La France a retrouvé sa place de premier exportateur d’électricité en Europe en 2023 – loin devant la Suède et la Norvège – grâce à sa stratégie nucléaire. Les problèmes de maintenance ont entraîné en 2022 une baisse historique de la production, la France important de l’électricité pour la première fois depuis plus de 40 ans.
Publié le:
3 minutes
Avec 50,1 térawattheures (TWh) d’exportations nettes d’électricité en 2023 vers ses voisins européens, la France retrouve sa place de premier exportateur – détenue par la Suède en 2022.
C'est ce que révèlent les données du cabinet d'analyse S&P Global Commodity Insights, publiées par le journal. Les Échos.
En 2023, la Suède et la Norvège, deux pays régulièrement en tête du classement grâce à leur abondante production hydroélectrique, ont réalisé respectivement 28,6 TWh et 17,3 TWh d'exportations nettes.
L'Espagne, qui dépend de l'énergie solaire et éolienne, arrive quatrième avec 13,9 TWh d'exportations nettes.
En raison de problèmes de corrosion détectés sur plusieurs réacteurs nucléaires fin 2021, la France a été contrainte d'importer de l'électricité pendant la quasi-totalité de 2022, ce qui n'était pas arrivé depuis 42 ans.
Avec le redémarrage des réacteurs, la production nucléaire de l'énergéticien national EDF est passée à 320,4 TWh en 2023, contre 279 TWh en 2022, un niveau historiquement bas depuis 1988.
Importations allemandes
Au total, les voisins européens comme l'Allemagne ont pu bénéficier “plus facilement et à moindre coût” de l'offre excédentaire de la France, a déclaré Glenn Rickson, analyste en électricité chez S&P Global Commodity Insights, à l'agence de presse française AFP.
L’Allemagne a importé 10 TW en 2023, une première depuis 2002.
Cette situation s'explique par l'abandon des trois dernières centrales nucléaires en Allemagne, même si elles ne représentaient que 6 pour cent de l'électricité produite dans le pays.
Leur absence a de quoi créer quelques tensions dès que le vent tombe dans les parcs éoliens, a expliqué à l'AFP Emeric de Vigan, vice-président chargé des marchés de l'électricité chez Kpler.
Pour d’autres experts, la baisse des exportations allemandes d’électricité est avant tout une question de prix : l’Allemagne inondait ses voisins d’électricité bon marché produite à partir du charbon, électricité qui est désormais plus chère en raison du prix plus élevé du CO2.
“Nous espérons que l'Allemagne maintiendra sa position d'importateur dans un avenir proche, d'autant plus qu'un certain nombre de centrales au charbon et au lignite devraient fermer en 2024”, a déclaré Rickson.
Le mix énergétique européen
Le parc français de 56 réacteurs nucléaires – qui fournit au pays 70 pour cent de son électricité – a reçu un coup de pouce après que les États membres de l'UE ont récemment convenu que l'énergie atomique devrait faire partie du mix énergétique du bloc à l'avenir.
Son inclusion dans une réforme du marché énergétique de l'UE, qui passe d'une dépendance aux combustibles fossiles à un marché plus vert et plus renouvelable, a souligné à la fois les efforts de lobbying de Paris et l'urgence en matière de sécurité énergétique suscitée par la guerre de la Russie en Ukraine.
En décembre, la France a signé un mémorandum de coopération nucléaire avec la Suède.
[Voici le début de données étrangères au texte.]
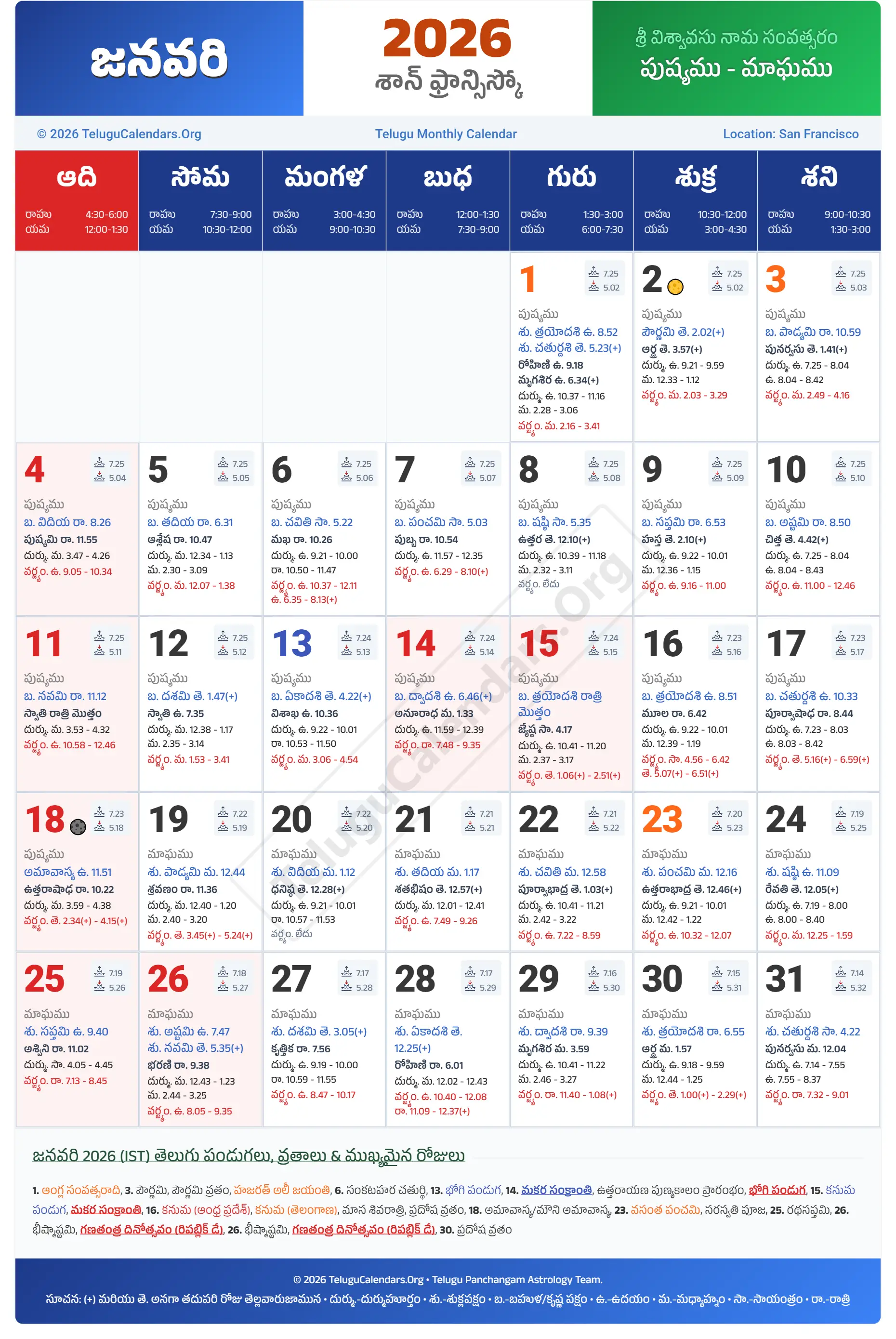 San Francisco Telugu Calendar 2026 January PDF Download

Stockholm, comme Paris, mise sur le nucléaire pour atteindre ses objectifs climatiques.
Ce mémorandum “nous permettra de resserrer nos liens sur la question du nucléaire”, a déclaré l'ancienne ministre française de l'Energie, Agnès Pannier-Runacher, après avoir signé le document avec son homologue suédoise, Ebba Busch.
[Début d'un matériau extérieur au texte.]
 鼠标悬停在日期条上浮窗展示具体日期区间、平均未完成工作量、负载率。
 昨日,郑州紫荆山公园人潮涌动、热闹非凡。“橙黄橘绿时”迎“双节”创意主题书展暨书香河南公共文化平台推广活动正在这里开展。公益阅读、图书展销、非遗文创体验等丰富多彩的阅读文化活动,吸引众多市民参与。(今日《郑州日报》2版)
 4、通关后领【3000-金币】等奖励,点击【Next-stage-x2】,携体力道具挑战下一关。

L’Allemagne a répondu à ce geste en affirmant que les sources d’énergie renouvelables devraient plutôt être prioritaires.
Le ministre allemand de l'économie et de l'action climatique, Sven Giegold, a déclaré en décembre que « nous avons besoin de ressources très flexibles et supplémentaires, ce qui signifie que jusqu'à présent, la technologie nucléaire n'est pas prête à répondre à ces besoins ».
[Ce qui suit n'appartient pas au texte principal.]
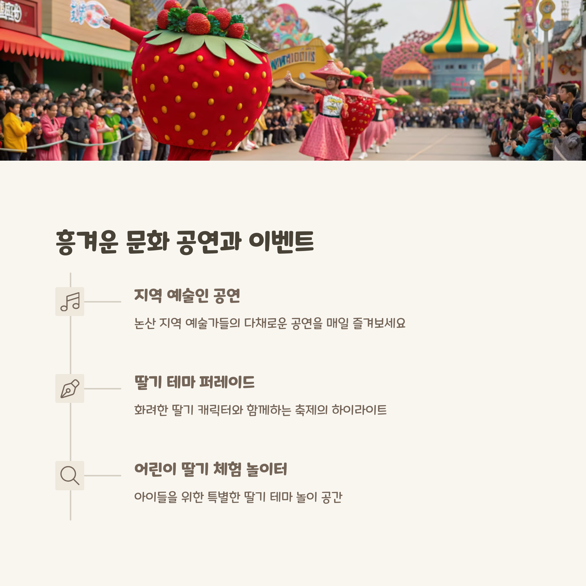 이 축제는 가족 단위 방문객들에게 특히 인기 있는 행사로, 딸기의 풍미를 직접 체험하고 즐길 수 있는 기회를 제공합니다.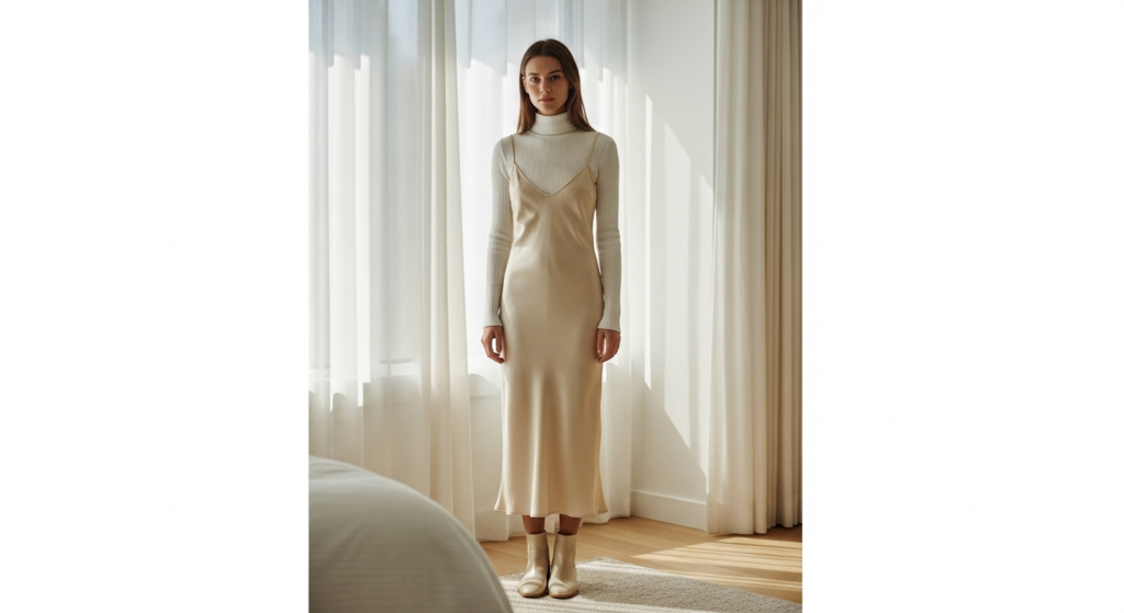 Layering a satin or modal slip dress over a long-sleeve fitted top — turtleneck, ribbed top, or simple crew neck — is one of the most unexpectedly elegant and creative cute lazy day outfit approaches. It takes two simple pieces and transforms them into a look with genuine editorial quality and surprising versatility.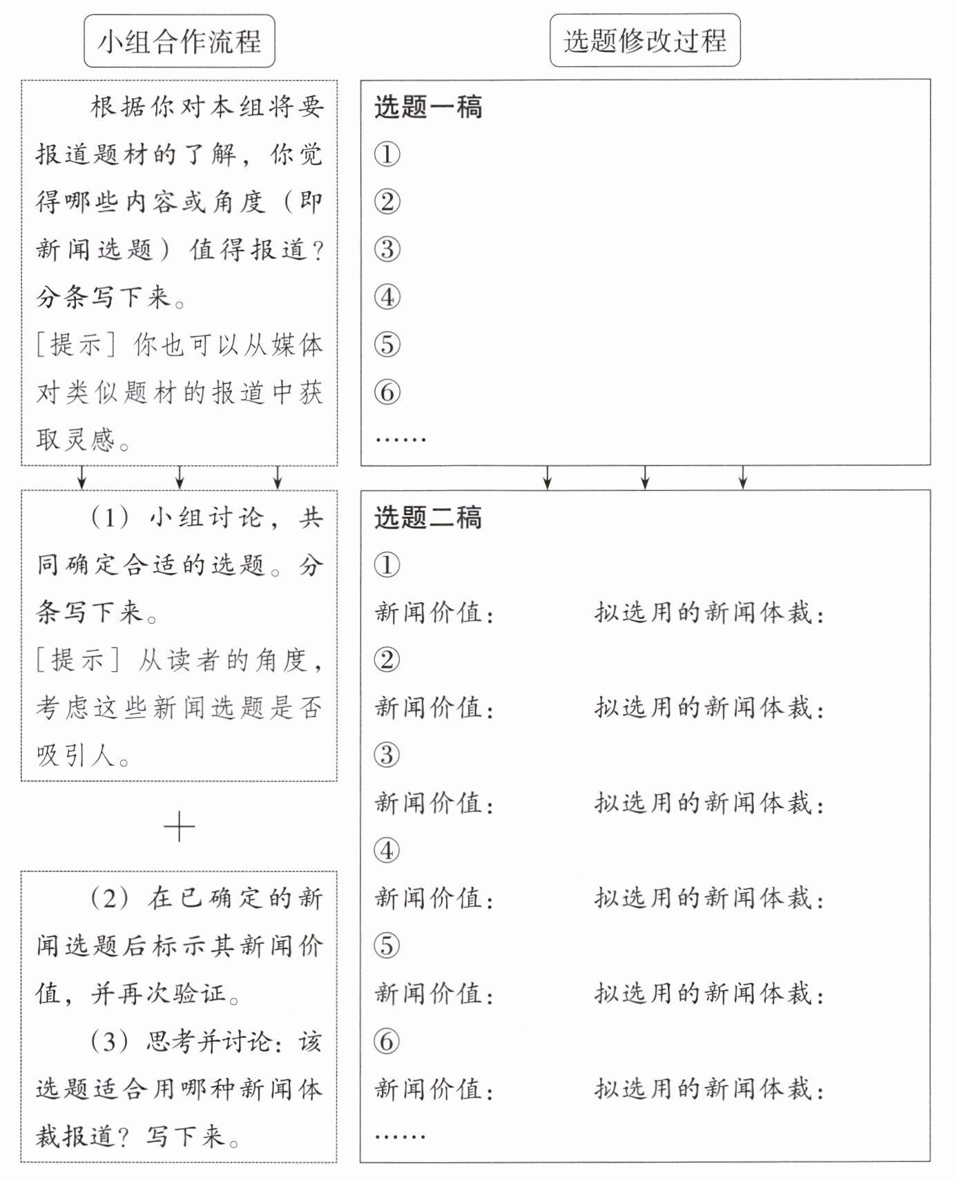 3. 基于以上学习,请与小组同学一同商议并确定将要报道的题材。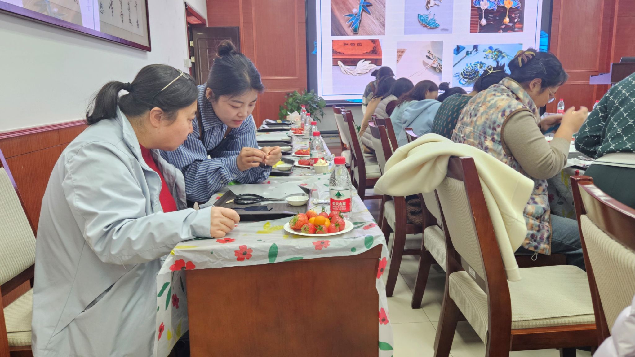 党委书记王占学在活动中表示:“希望以非遗文化体验为载体,让女性教职工在忙碌工作之余感受艺术疗愈的力量,同时增强文化自信,展现新时代女性智慧与优雅并重的风采。”活动现场还设置了作品展示环节,教师们互相欣赏创意成果,欢声笑语中洋溢着节日的温暖与活力。

Il a également exprimé ses inquiétudes quant au fait que les secteurs nucléaires en France et dans d'autres pays bénéficient de subventions publiques, alors que l'Allemagne est confrontée à une compression des dépenses en raison d'une décision de justice qui mine son budget.
“Cela doit être contrôlé pour éviter des conséquences négatives” pour le marché unique de l'UE, a déclaré Giegold.